*** Data for processing ***
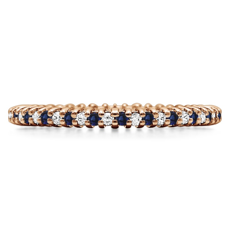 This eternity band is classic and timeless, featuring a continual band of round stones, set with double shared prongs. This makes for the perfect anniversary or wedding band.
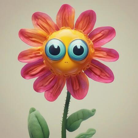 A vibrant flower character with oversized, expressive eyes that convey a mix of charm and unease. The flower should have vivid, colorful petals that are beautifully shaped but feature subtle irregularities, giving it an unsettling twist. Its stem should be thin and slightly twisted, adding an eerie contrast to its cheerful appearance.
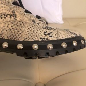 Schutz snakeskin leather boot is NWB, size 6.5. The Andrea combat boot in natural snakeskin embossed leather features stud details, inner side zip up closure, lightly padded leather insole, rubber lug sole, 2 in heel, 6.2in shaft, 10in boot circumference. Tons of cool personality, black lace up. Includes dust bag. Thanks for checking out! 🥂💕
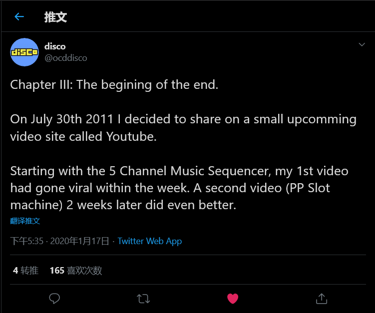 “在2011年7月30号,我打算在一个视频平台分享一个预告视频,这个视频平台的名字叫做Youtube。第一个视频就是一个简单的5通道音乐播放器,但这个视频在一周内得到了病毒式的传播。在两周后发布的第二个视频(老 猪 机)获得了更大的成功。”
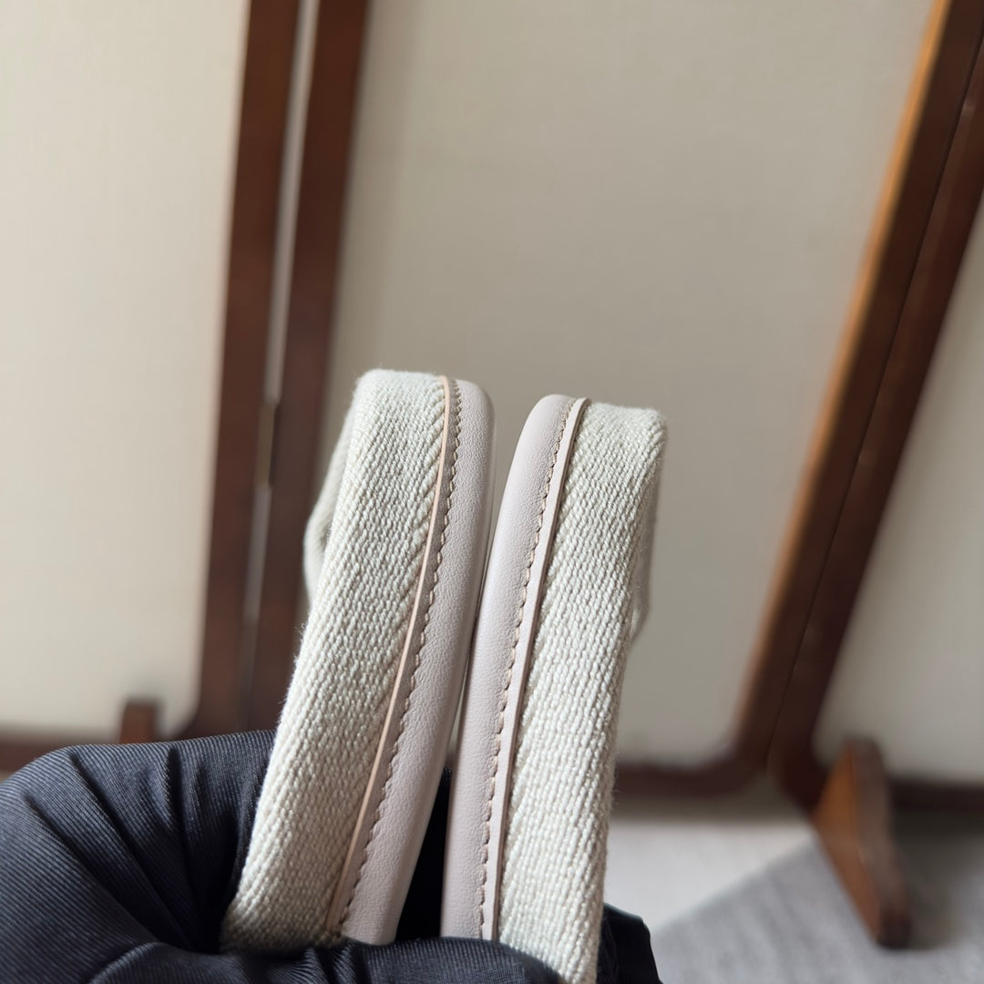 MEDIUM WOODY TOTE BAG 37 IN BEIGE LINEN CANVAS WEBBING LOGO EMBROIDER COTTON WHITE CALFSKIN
***
**What is being asked:** The entire listing above is to be copied exactly, with all pictures omitted.

**Solution to the exercise:**
 This eternity band is classic and timeless, featuring a continual band of round stones, set with double shared prongs. This makes for the perfect anniversary or wedding band.
 A vibrant flower character with oversized, expressive eyes that convey a mix of charm and unease. The flower should have vivid, colorful petals that are beautifully shaped but feature subtle irregularities, giving it an unsettling twist. Its stem should be thin and slightly twisted, adding an eerie contrast to its cheerful appearance.
 Schutz snakeskin leather boot is NWB, size 6.5. The Andrea combat boot in natural snakeskin embossed leather features stud details, inner side zip up closure, lightly padded leather insole, rubber lug sole, 2 in heel, 6.2in shaft, 10in boot circumference. Tons of cool personality, black lace up. Includes dust bag. Thanks for checking out! 🥂💕
 “在2011年7月30号,我打算在一个视频平台分享一个预告视频,这个视频平台的名字叫做Youtube。第一个视频就是一个简单的5通道音乐播放器,但这个视频在一周内得到了病毒式的传播。在两周后发布的第二个视频(老 猪 机)获得了更大的成功。”
 MEDIUM WOODY TOTE BAG 37 IN BEIGE LINEN CANVAS WEBBING LOGO EMBROIDER COTTON WHITE CALFSKIN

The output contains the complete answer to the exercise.